Wednesday, December 06, 2006

Sustainable Development Defined

Sustainable Development is a term used by its proponents to describe their recommended methods of creating economic growth which protect the environment, relieve poverty, and do not destroy natural capital in the short term at the expense of long term development.

Contents


* 1 Scope and definitions
* 2 Environmental Sustainability
* 3 Criticism of the term

Scope and definitions

While many definitions of the term have been introduced over the years, the most commonly cited definition comes from the report Our Common Future, more commonly known as the Brundtland Report, which states that sustainable development is development that "meets the needs of the present without compromising the ability of future generations to meet their own needs”.

Sustainable development does not focus solely on environmental issues. More broadly, sustainable development policies encompass three general policy areas: economic, environmental and social. In support of this, several United Nations texts, most recently the 2005 World Summit Outcome Document, refer to the "interdependent and mutually reinforcing pillars" of sustainable development as economic development, social development, and environmental protection.

The Universal Declaration on Cultural Diversity (UNESCO, 2001) elaborates further the concept by stating that "...cultural diversity is as necessary for humankind as biodiversity is for nature”; it becomes “one of the roots of development understood not simply in terms of economic growth, but also as a means to achieve a more satisfactory intellectual, emotional, moral and spiritual existence". In this vision, cultural diversity is the fourth policy area of sustainable development.

Some research activities start from this definition to show that the environment we inherited and that we will transmit to future generations is a combination of nature and culture. The Network of Excellence "Sustainable Development in a Diverse World" SUS.DIV, sponsored by the European Union, works in this direction. It integrates multidisciplinary capacities and interprets cultural diversity as a key element of a new strategy for sustainable development.

Sustainable development is a notoriously ambiguous concept, as a wide array of views have fallen under its umbrella. The concept has included notions of weak sustainability, strong sustainability and deep ecology. Different conceptions also reveal a strong tension between ecocentrism and anthropocentrism. Thus, the concept remains weakly defined and contains a large amount of debate as to its precise definition.

Environmental Sustainability

Main article: Environmental degradation

Environmental degradation is the damage to the biosphere as a whole due to human activity. Environmental degradation occurs when nature's resources (such as trees, habitat, earth, water and air) are being consumed faster than nature can replenish them, when pollution results in irreparable damage done to the environment or when human beings destroy or damage ecosystems in the process of development. Environmental degradation can take many forms including, but not limited to, desertification, deforestation, extinction and radioactivity. Some of the major causes of such degradation include: overpopulation, urban sprawl, industrial pollution, waste dumping, intensive farming, over fishing, industrialization, introduction of invasive species and a lack of environmental regulations.
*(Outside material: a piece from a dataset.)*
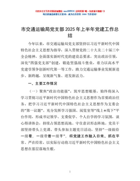 / 市交通运输局党支部2025年上半年党建工作总结

The goal of environmental sustainability is to minimize these, and other causes, to halt and, ideally, reverse the processes they lead to.

An unsustainable situation occurs when natural capital (the sum total of nature's resources) is used up faster than it can be replenished. Sustainability requires that human activity, at a minimum, only uses nature's resources at a rate at which they can be replenished naturally:

Theoretically, the long term final result of environmental degradation would result in local environments that are no longer able to sustain human populations to any degree. Such degradation on a global scale would, of course, mean extinction for humanity.

In the short-term, environmental degradation leads to declining standards of living, the extinctions of large numbers of species, health problems in the human population, conflicts, sometimes violent, between groups fighting for a dwindling resource, water scarcity and many other major problems.
Consumption of renewable resources State of environment Sustainability
More than nature's ability to replenish Environmental degradation Not sustainable
Equal to nature's ability to replenish Environmental equilibrium Steady-state Sustainability
Less than nature's ability to replenish Environmental renewal Sustainable development

Criticism of the term

Many environmentalists have criticized the term "sustainable development" as an oxymoron, claiming that economic policies based around concepts of growth and continued depletion of resources cannot be sustainable, since that term implies resources remain constant. Resources such as petroleum are consumed much faster than they are created by natural processes, and are continually being depleted. It is argued that the term "sustainable development" is a term invented by business to show capitalism as ecologically friendly, thereby placating people promoting environmentalist values.

However, technologies such as renewable energy, recycling and the provision of services can, if carried out appropriately, provide for growth in the economic sense, either without the use of limited resources, or by using a relatively small amount of resources with a small impact. In the latter case, even the use of small amounts of resources may be unsustainable if continued indefinitely.